4

I have the following class to keep my records:

class List(ndb.Model):
    '''
    Index
      Key:              sender
    '''
    sender = ndb.StringProperty()
    ...
    counter = ndb.IntegerProperty(default=0)
    ignore = ndb.BooleanProperty(default=False)

    added = ndb.DateTimeProperty(auto_now_add=True, indexed=False)
    updated = ndb.DateTimeProperty(auto_now=True, indexed=False)

The following code is used to return all entities I need:

entries = List.query()
entries = entries.filter(List.counter > 5)
entries = entries.filter(List.ignore == False)
entries = entries.fetch()

How should I modify the code to get 10 random records from entries? I am planning to have a daily cron task to extract random records, so they should be really random. What is the best way to get these records (to minimize number of read operations)?

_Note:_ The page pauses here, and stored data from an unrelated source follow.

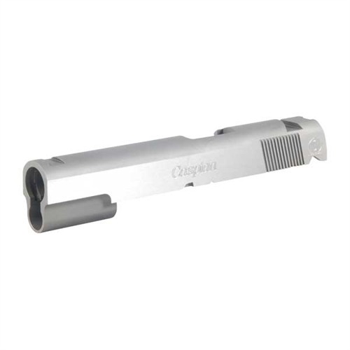- Caspian custom-quality slides with heat-treated forgings for strength and dimensional stability, featuring a non-glare, matte finish and forward-angled rear cocking serrations.
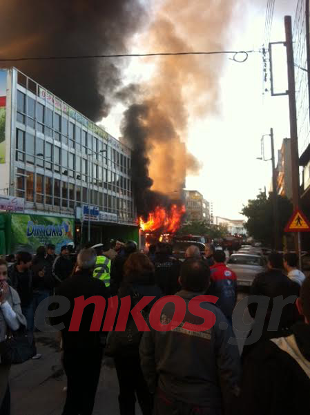 Οι άνδρες της πυροσβεστικής δίνουν μάχη με τις φλόγες προκειμένου να κατασβέσουν την πυρκαγιά σε κτιρίο της Θεσσαλονίκης, ενώ οι Κινέζοι ιδιοκτήτες της αποθήκης προσπαθούν να περισώσουν ό,τι μπορούν από την περιουσία τους.
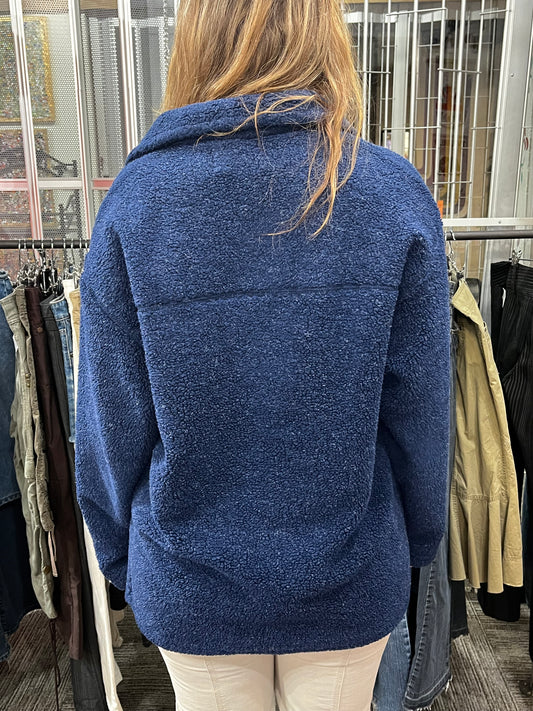 L - Hechter Jeans 90s Blue Fleece Button Jacket

I don't think that the following code is the best:

entries = random.sample(entries, 10)
LA_
  • 19,823
  • 58
  • 172
  • 308
  • Check this.http://stackoverflow.com/questions/17289752/query-random-row-in-ndb/17291209#17291209 – Jimmy Kane Feb 08 '14 at 14:51
  • Thanks, @JimmyKane, but it will not work in my case - as given in my question, (1) ids are not auto generated, (2) I should filter entities. – LA_ Feb 08 '14 at 18:01
  • if you already have the entities and you want to choose 10 in random among them, then why is not the random.sample suitable? – Jimmy Kane Feb 08 '14 at 18:11
  • @JimmyKane, since I do `List.query().filter(..).fetch()`, I believe it makes to many datastore reads. Am I wrong? – LA_ Feb 08 '14 at 18:43

1 Answers1

3

Well after reading the comments the only improvement you can make as far I can see is to fetch the keys only and limit if possible.

Haven't tested but like so

list_query = List.query()
list_query = list_query.filter(List.counter > 5)
list_query = list_query.filter(List.ignore == False)
list_keys = list_query.fetch(keys_only=True) # maybe put a limit here.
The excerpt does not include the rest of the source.